▶ [EXERCISE DESCRIPTION]: Nothing outside the lines below from the one containing "キャンプ場で知り合いと待ち合" through the one containing "ДЕНЬ ОТКРЫТЫХ ДВЕРЕЙ КОЛЛЕДЖА АЛТГПУ" is to be printed; print those exactly, ends included, and drop the pictures.

▶ [DATA EXTRACT]:

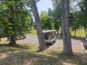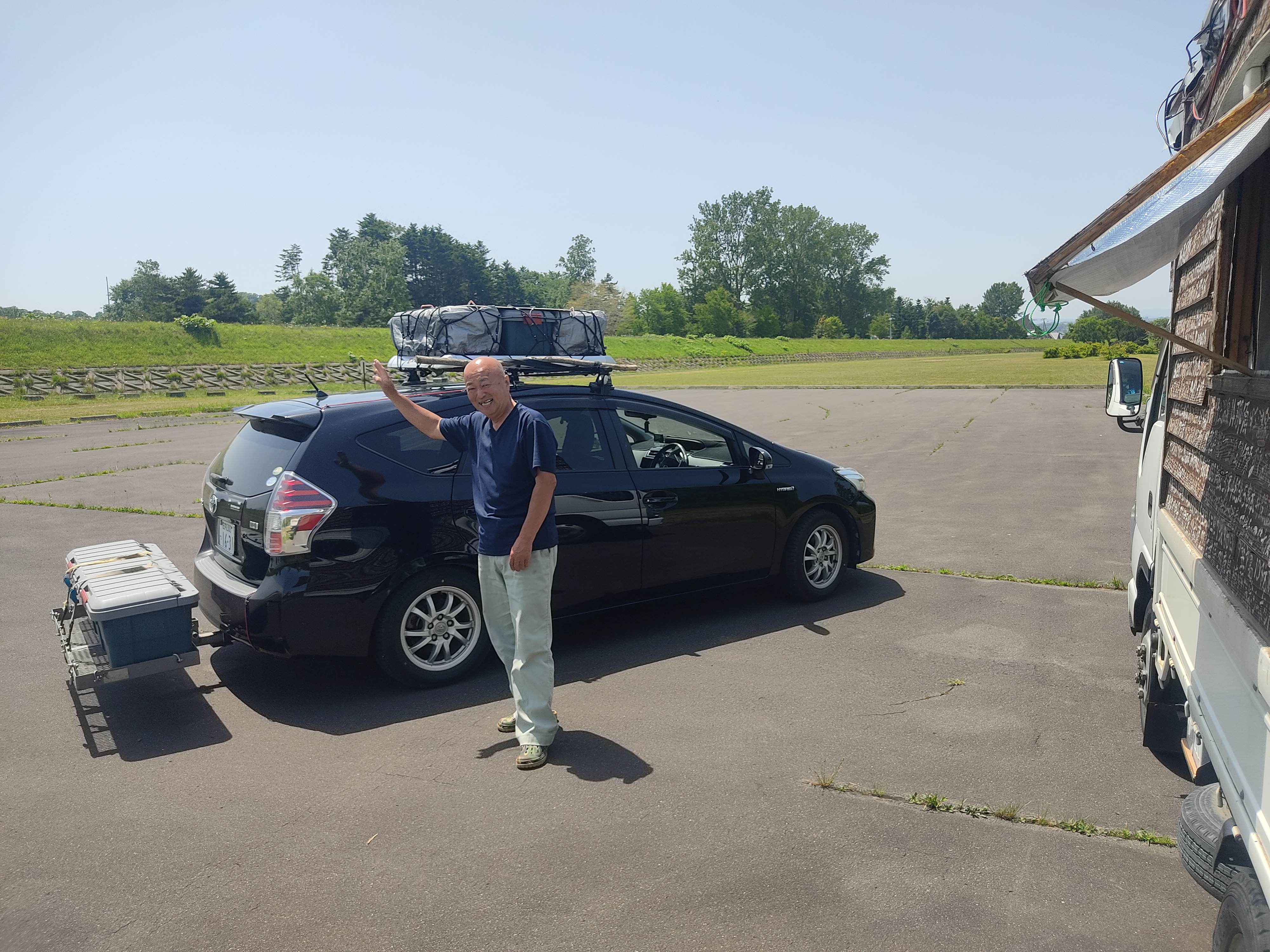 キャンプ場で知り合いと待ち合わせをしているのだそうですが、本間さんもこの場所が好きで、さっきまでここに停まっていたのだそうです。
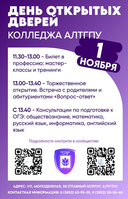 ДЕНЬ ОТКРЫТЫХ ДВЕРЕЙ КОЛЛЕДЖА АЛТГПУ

* * *

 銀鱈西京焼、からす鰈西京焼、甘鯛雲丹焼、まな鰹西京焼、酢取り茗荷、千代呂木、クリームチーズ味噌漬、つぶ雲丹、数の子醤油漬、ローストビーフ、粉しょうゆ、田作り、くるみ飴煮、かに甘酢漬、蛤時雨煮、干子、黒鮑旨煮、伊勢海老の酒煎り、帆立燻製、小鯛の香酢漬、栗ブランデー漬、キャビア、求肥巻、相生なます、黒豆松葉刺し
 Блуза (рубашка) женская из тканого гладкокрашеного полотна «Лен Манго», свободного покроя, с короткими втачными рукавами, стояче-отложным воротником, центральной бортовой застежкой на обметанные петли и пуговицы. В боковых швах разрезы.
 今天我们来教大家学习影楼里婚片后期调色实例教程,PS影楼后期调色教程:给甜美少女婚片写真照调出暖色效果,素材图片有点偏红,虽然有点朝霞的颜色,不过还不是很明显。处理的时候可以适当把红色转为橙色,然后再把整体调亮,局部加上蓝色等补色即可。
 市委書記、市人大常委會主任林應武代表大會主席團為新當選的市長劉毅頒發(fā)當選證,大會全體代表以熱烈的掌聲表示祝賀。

--

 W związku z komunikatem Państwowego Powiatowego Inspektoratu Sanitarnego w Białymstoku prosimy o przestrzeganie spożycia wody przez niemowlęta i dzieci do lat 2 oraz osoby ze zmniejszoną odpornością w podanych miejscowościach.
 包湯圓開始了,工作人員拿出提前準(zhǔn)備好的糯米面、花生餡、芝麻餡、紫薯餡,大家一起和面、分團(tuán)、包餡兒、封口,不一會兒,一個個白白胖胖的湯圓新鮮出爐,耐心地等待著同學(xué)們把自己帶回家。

▶ [ANSWER]:
 キャンプ場で知り合いと待ち合わせをしているのだそうですが、本間さんもこの場所が好きで、さっきまでここに停まっていたのだそうです。
 ДЕНЬ ОТКРЫТЫХ ДВЕРЕЙ КОЛЛЕДЖА АЛТГПУ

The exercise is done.